Stored data:
+++
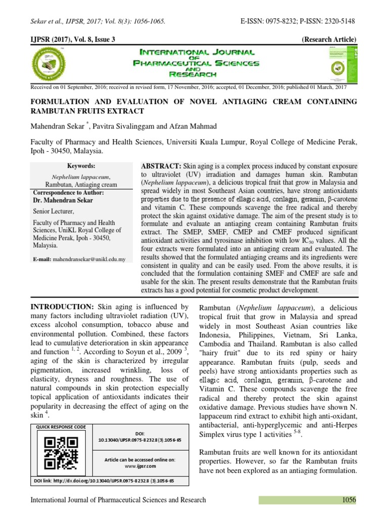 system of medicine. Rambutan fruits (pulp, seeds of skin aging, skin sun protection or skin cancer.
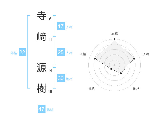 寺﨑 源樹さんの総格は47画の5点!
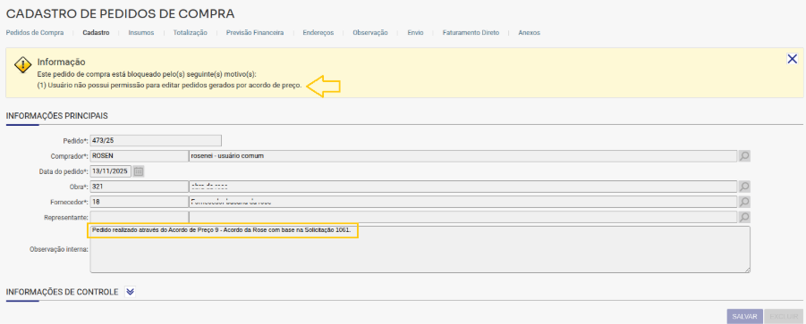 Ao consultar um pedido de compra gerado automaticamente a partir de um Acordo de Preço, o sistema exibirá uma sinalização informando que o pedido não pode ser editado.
+++
How to complete this task:
Where a picture appears in the data, omit it; restate the rest word for word.

Answer for this exercise:
 system of medicine. Rambutan fruits (pulp, seeds of skin aging, skin sun protection or skin cancer.
 寺﨑 源樹さんの総格は47画の5点!
 Ao consultar um pedido de compra gerado automaticamente a partir de um Acordo de Preço, o sistema exibirá uma sinalização informando que o pedido não pode ser editado.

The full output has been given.